Le 2 avril, le président Donald Trump a promis de frapper l'Iran "extrêmement durement" au cours des deux à trois prochaines semaines, suite à une série d'attaques iraniennes visant Israël. Cette déclaration a eu lieu lors de son premier discours à la nation depuis le début du conflit entre une offensive israélo-américaine lancée le 28 février, qui a causé un nombre tragique de pertes humaines et exacerbé les inquiétudes économiques, notamment en ce qui concerne la sécurité du détroit d'Ormuz, vital pour le commerce mondial.
Trump a fait état de "victoires decisives et écrasantes" sur le terrain, tout en affirmant que les frappes ne cesseraient pas tant que l'Iran ne renoncerait pas à son programme nucléaire. Il a averti: "Nous allons les frapper extrêmement durement, les ramener à l'âge de pierre auquel ils appartiennent".
Les tensions ont atteint un nouveau sommet après que l'armée israélienne ait annoncé avoir intercepté des missiles et des drones iraniens. Il est également à noter que le Hezbollah, groupe militant pro-iranien, a revendiqué plusieurs attaques au nord d'Israël, sans faire de victimes pour le moment.
Dans son discours, Trump a réaffirmé son engagement envers ses alliés du Golfe, notamment Israël, l'Arabie Saoudite, et le Qatar, précisant: "Je ne les abandonnerai pas." Des sirènes d'alerte ont également été déclenchées dans plusieurs régions du Golfe, signalant des augmentations de tensions.
Réunion sur Ormuz
En réponse, Trump s'est montré particulièrement critique envers les nations dépendantes du détroit d'Ormuz, les appelant à prendre leurs responsabilités vis-à-vis de leurs propres approvisionnements en pétrole: "Allez au détroit, emparez-vous-en, protégez-le."
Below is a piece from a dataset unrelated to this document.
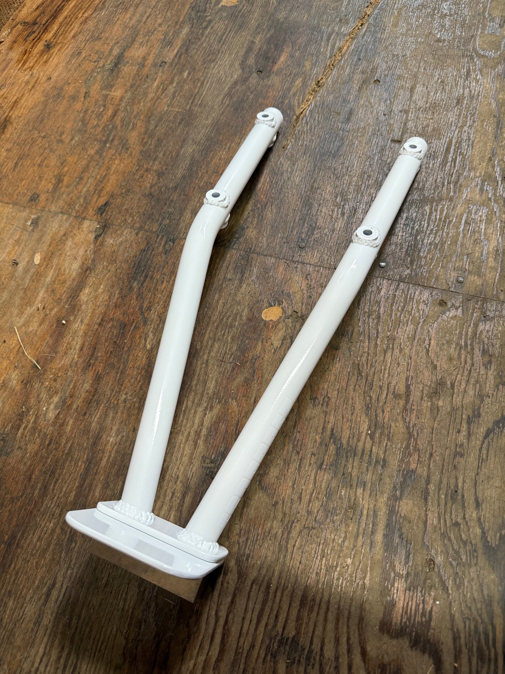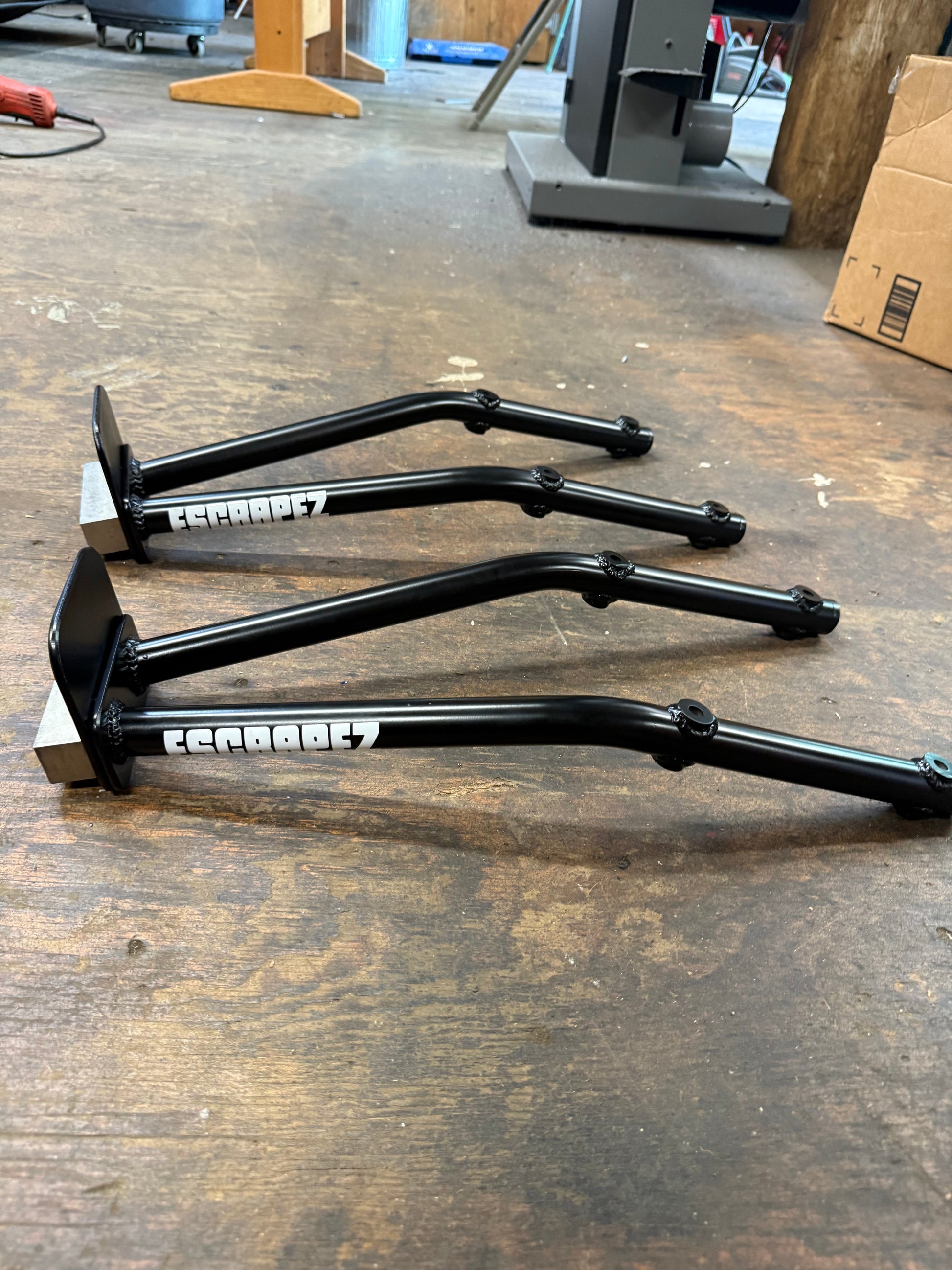 Surron Ultra Bee Stunt bar by E-scrapez is made 100% in America. Made from 1inch tubing for the most durability and light weight performance. Foot plate is removable to obtain everyone's different styles of riding. 2 5/8" center to center bolt pattern for block. E-scrapez stunt bar is the best 12 bar available for the SURRON ULTRA BEE. Designed to protect your subframe made from high quality steel. Engineered and tested for riders by riders. Happy 12 o'clock let the sparks fly. Tag @escrapez and on social media. #escrapez

Suite à ses déclarations, les prix du pétrole ont grimpé de plus de 5%, avec le baril de Brent atteignant plus de 106 dollars, témoignant des craintes croissantes sur l'approvisionnement énergétique mondial.
Une réunion des pays comme le Royaume-Uni, la France, et l'Allemagne est prévue pour discuter de la sécurité maritime à Ormuz. Les analystes sont préoccupés, notant que plus le conflit se prolonge, plus son impact sur l'économie globale serait dévastateur. Le Premier ministre australien, Anthony Albanese, a déclaré: "Ce qui est certain, c'est que les conséquences économiques ne feront que croître avec la durée de la guerre."
Malgré les tensions croissantes, Trump n'a pas évoqué l'option d'un cessez-le-feu dans son allocution. Il a cependant précédemment communiqué sur les demande d'armistice énoncées par le président iranien. Ces déclarations ont été qualifiées de "fausses" par le porte-parole iranien, ajoutant que les demandes américaines étaient "maximalistes et irrationnelles".
Alors que le bilan des frappes israéliennes au Liban dépasse les 1 300 morts, la préoccupation pour la stabilité régionale croît, suscitant des tensions non seulement en Israël mais aussi sur la scène internationale.